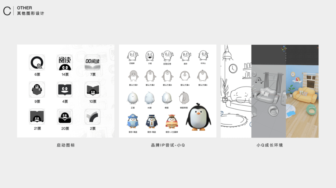 除了图标设计,我们也正在进行的品牌相关图形的设计尝试,包括 QQ 阅读应用图标 / 品牌 IP 形象及其成长环境。产品 IP 形象,可以更具亲和力的与用户沟通、传达品牌理念,促进品牌深度传播,所以这也是设计团队重点发力的部分,关于品牌 IP 的探索仍在继续,如何将品牌、产品界面以及交互体验更好地结合在一起,一直是设计师研究的课题。
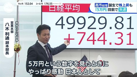 日経平均先物ひと足早く5万円の大台に到達、2万円一番乗り男は5万円一番乗りに失敗
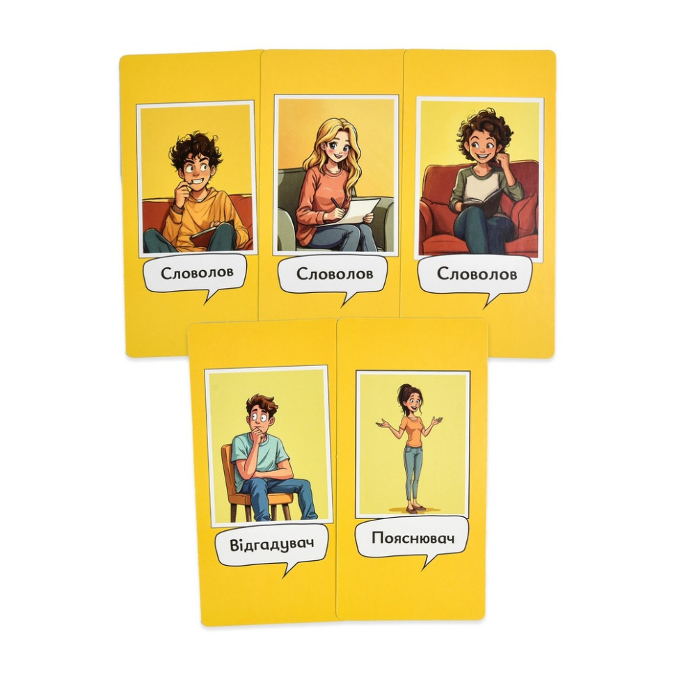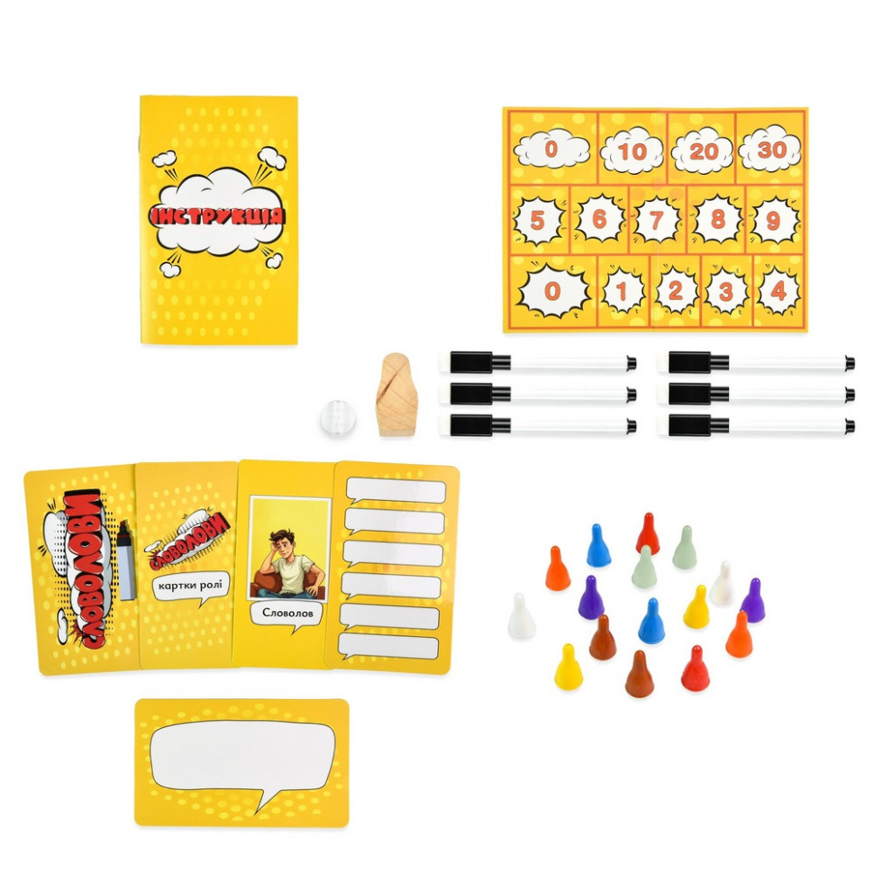 «Словоловы» – настольная игра для компании на объяснение слов. Придумывающий загадывает слово, словоловы пытаются предсказать, какие слова могут прозвучать во время объяснения, объясняющий толкует, а отгадывающий ищет ответ. Подходит для вечеринок, тимбилдингов и семейного досуга.♦ Возраст: 12+♦ Комплектация: коробка, карточки ролей – 8 шт., карточки для написания – 6 шт., маркеры – 6 шт., игровое поле, фишки – 16 шт., фишка первого игрока, подставка, инструкция.
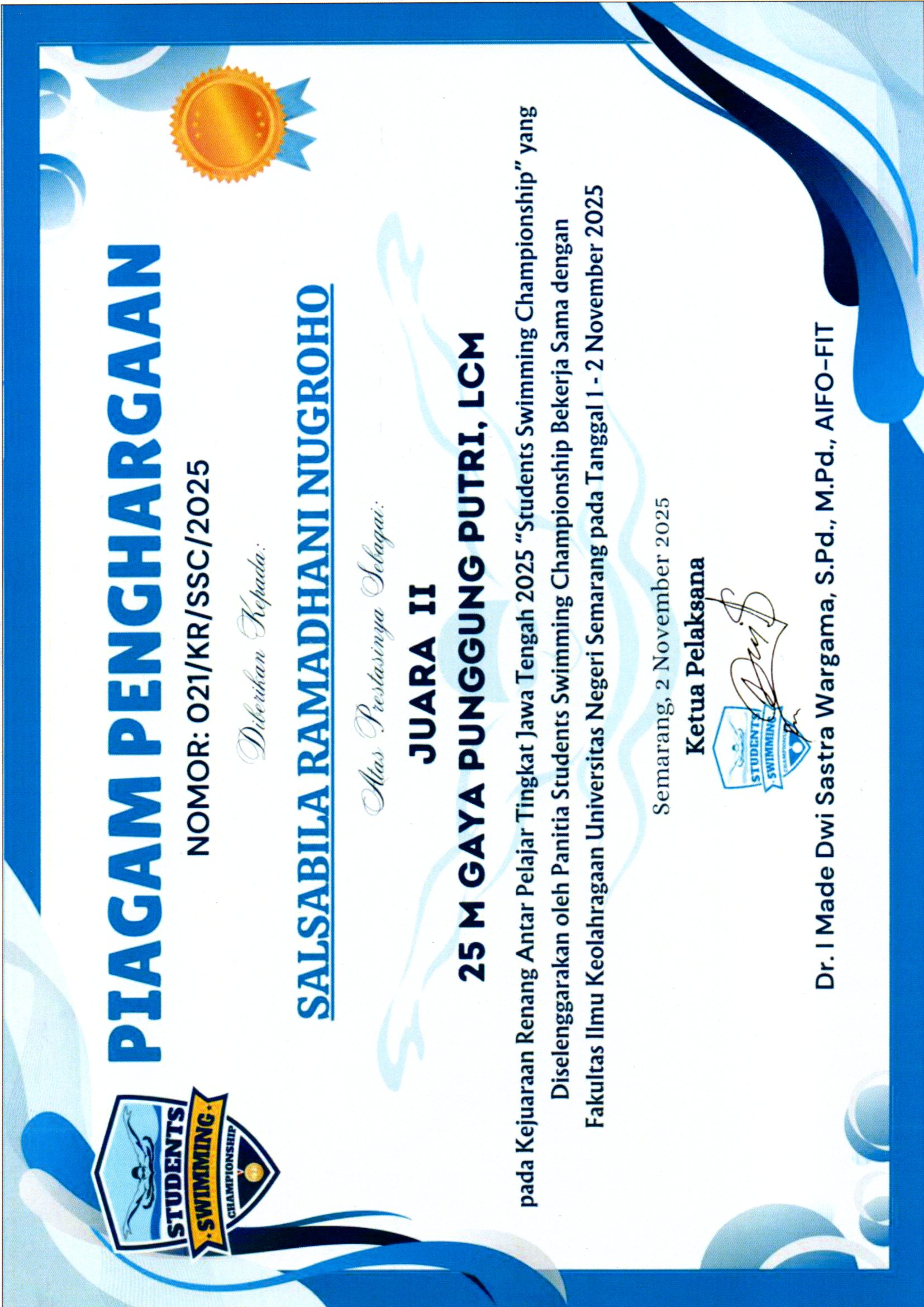 Panitia Students Swimming Championship Bekerja sama dengan Fakultas Ilmu Keolahragaan Universiats Negeri Semarang
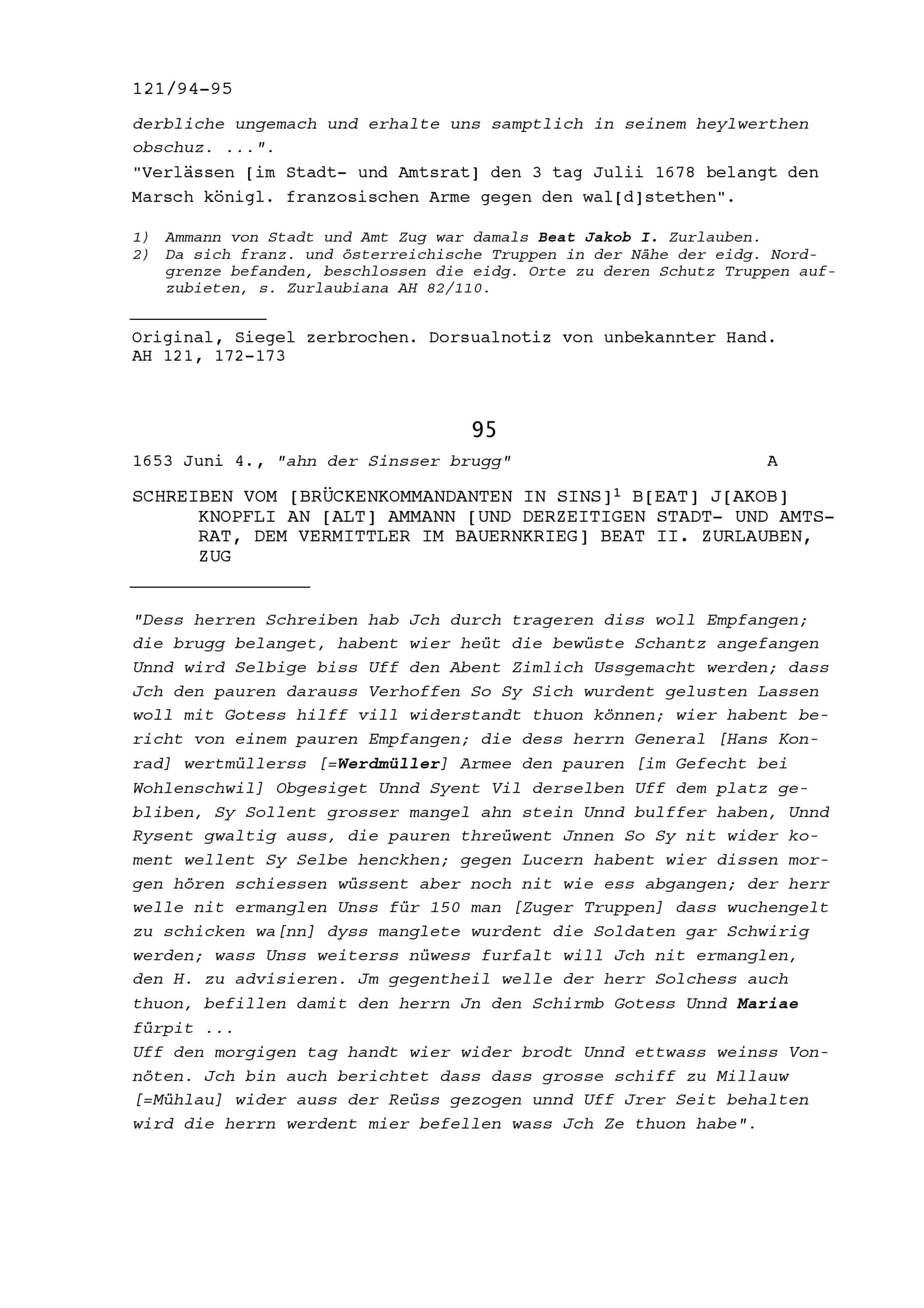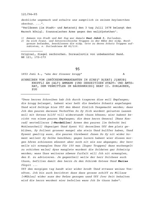 Schreiben von Beat Jakob Knopfli, Brückenkommandant in Sins, an Beat II. Zurlauben, Vermittler im Bauernkrieg, Altammann und Stadt- und Amtrat Zug
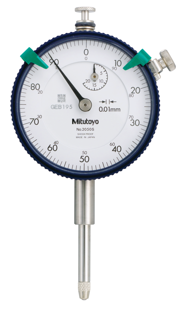 ; Stem hole ?: 8 mm; Magnetic stand size (LXWXH): 7.6; Base size (LxWxH): 75.2; Clamping force (vertical): 16.9; Mass [g]: 140; Range [mm]: 20; Battery life: 25; Type: EN ISO Standard; Functions: 4; Inch-Metric: Metric; Delivered: With certificate of inspection; Range per rev.: 1 mm; EN ISO 463: Errors of indication over a range of (see below); MPE measuring range: 20; Contact point: Carbide tipped, thread: M 2.5 x 0.45 mm; Dial reading: ?0-100; fges: 30; Graduation: 0.01; H MPE (Hysteresis): 4; Measuring force: 0,4-2; Range [mue]: 20; R MPE (Repeatability): 3; MPE any 1 revolution: 11; MPE any 1/2 revolution: 10; MPE any 1/10 revolution: 6; Shockproof: Yes; Jeweled bearing: Yes; Continuous dial: Yes; Cushioned end point: Yes;Product Link: https://shop.mitutoyo.eu/web/mitutoyo/en/mitutoyo/1300888907515/Dial%20Gauge%2C%20Flat%20Back%2C%20ISO%20Type/$catalogue/mitutoyoData/PR/2050AB-19/index.xhtml
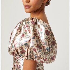 Cream metallic taffeta featuring Vichy Rose Mini print
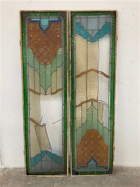 Coppia di vetrate con vetri policromi legati a piombo. (cm 50x180 ca,) (gravi d
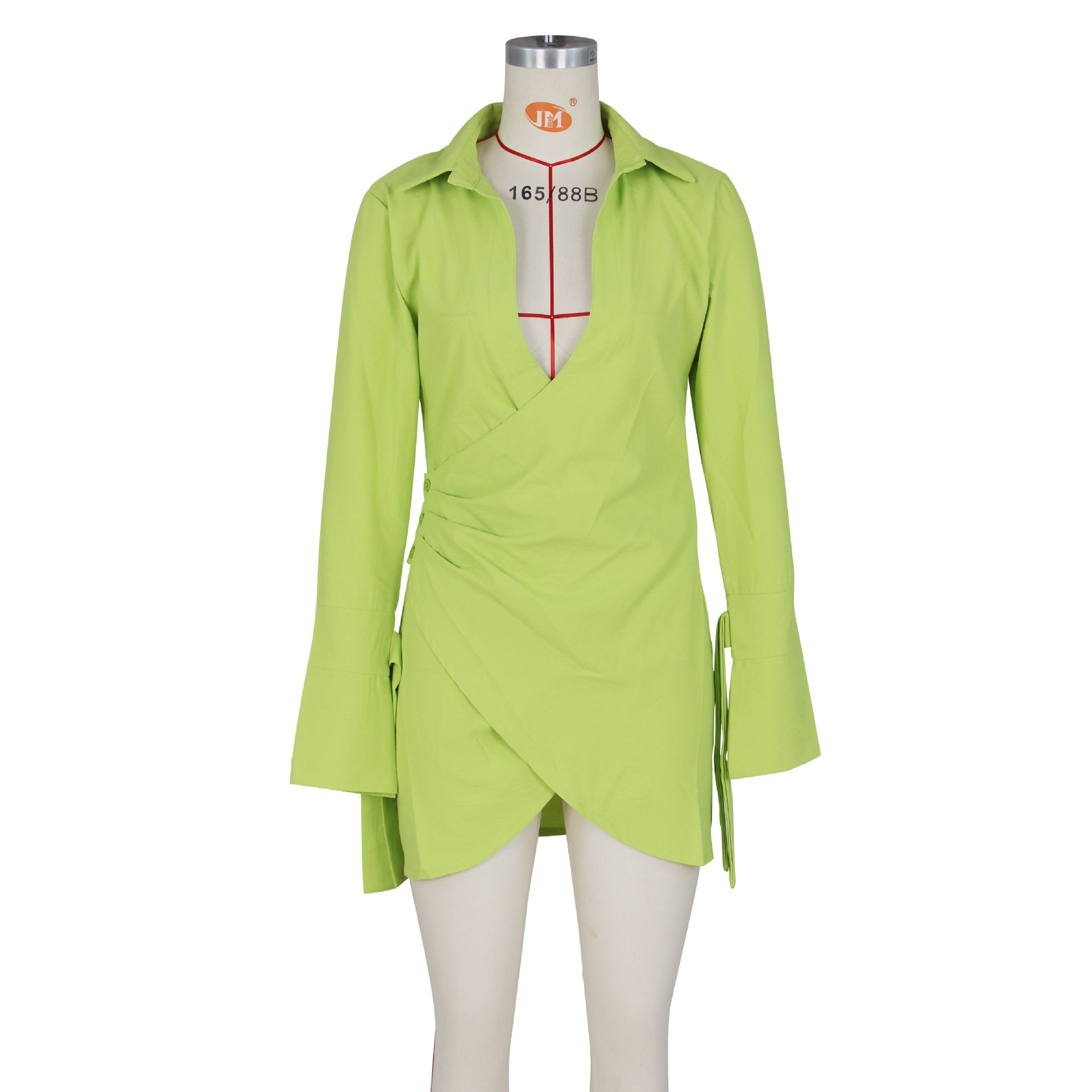 Introducing the Happy Hour Plunge Mini Shirt Dress! This stylish dress is perfect for weekday cocktails or social gatherings with friends. Featuring a collared neckline, deep V-neck, and long sleeves, this chic dress provides coverage while also offering just the right amount of sophistication. Best of all, its wrap front design and mini/above knee length provide an extra pop of flattery that will make you standout in any room. Crafted from polyester fabric, it's lightweight and soft to the touch while subtly contouring your curves with its regular fit. Whether you're enjoying a night out or attending a formal event, this Happy Hour Plunge Mini Shirt Dress is guaranteed to turn heads!

Exercise:
An exact copy of the material is required, minus the pictures.

Solution:
 除了图标设计,我们也正在进行的品牌相关图形的设计尝试,包括 QQ 阅读应用图标 / 品牌 IP 形象及其成长环境。产品 IP 形象,可以更具亲和力的与用户沟通、传达品牌理念,促进品牌深度传播,所以这也是设计团队重点发力的部分,关于品牌 IP 的探索仍在继续,如何将品牌、产品界面以及交互体验更好地结合在一起,一直是设计师研究的课题。
 日経平均先物ひと足早く5万円の大台に到達、2万円一番乗り男は5万円一番乗りに失敗
 «Словоловы» – настольная игра для компании на объяснение слов. Придумывающий загадывает слово, словоловы пытаются предсказать, какие слова могут прозвучать во время объяснения, объясняющий толкует, а отгадывающий ищет ответ. Подходит для вечеринок, тимбилдингов и семейного досуга.♦ Возраст: 12+♦ Комплектация: коробка, карточки ролей – 8 шт., карточки для написания – 6 шт., маркеры – 6 шт., игровое поле, фишки – 16 шт., фишка первого игрока, подставка, инструкция.
 Panitia Students Swimming Championship Bekerja sama dengan Fakultas Ilmu Keolahragaan Universiats Negeri Semarang
 Schreiben von Beat Jakob Knopfli, Brückenkommandant in Sins, an Beat II. Zurlauben, Vermittler im Bauernkrieg, Altammann und Stadt- und Amtrat Zug
 ; Stem hole ?: 8 mm; Magnetic stand size (LXWXH): 7.6; Base size (LxWxH): 75.2; Clamping force (vertical): 16.9; Mass [g]: 140; Range [mm]: 20; Battery life: 25; Type: EN ISO Standard; Functions: 4; Inch-Metric: Metric; Delivered: With certificate of inspection; Range per rev.: 1 mm; EN ISO 463: Errors of indication over a range of (see below); MPE measuring range: 20; Contact point: Carbide tipped, thread: M 2.5 x 0.45 mm; Dial reading: ?0-100; fges: 30; Graduation: 0.01; H MPE (Hysteresis): 4; Measuring force: 0,4-2; Range [mue]: 20; R MPE (Repeatability): 3; MPE any 1 revolution: 11; MPE any 1/2 revolution: 10; MPE any 1/10 revolution: 6; Shockproof: Yes; Jeweled bearing: Yes; Continuous dial: Yes; Cushioned end point: Yes;Product Link: https://shop.mitutoyo.eu/web/mitutoyo/en/mitutoyo/1300888907515/Dial%20Gauge%2C%20Flat%20Back%2C%20ISO%20Type/$catalogue/mitutoyoData/PR/2050AB-19/index.xhtml
 Cream metallic taffeta featuring Vichy Rose Mini print
 Coppia di vetrate con vetri policromi legati a piombo. (cm 50x180 ca,) (gravi d
 Introducing the Happy Hour Plunge Mini Shirt Dress! This stylish dress is perfect for weekday cocktails or social gatherings with friends. Featuring a collared neckline, deep V-neck, and long sleeves, this chic dress provides coverage while also offering just the right amount of sophistication. Best of all, its wrap front design and mini/above knee length provide an extra pop of flattery that will make you standout in any room. Crafted from polyester fabric, it's lightweight and soft to the touch while subtly contouring your curves with its regular fit. Whether you're enjoying a night out or attending a formal event, this Happy Hour Plunge Mini Shirt Dress is guaranteed to turn heads!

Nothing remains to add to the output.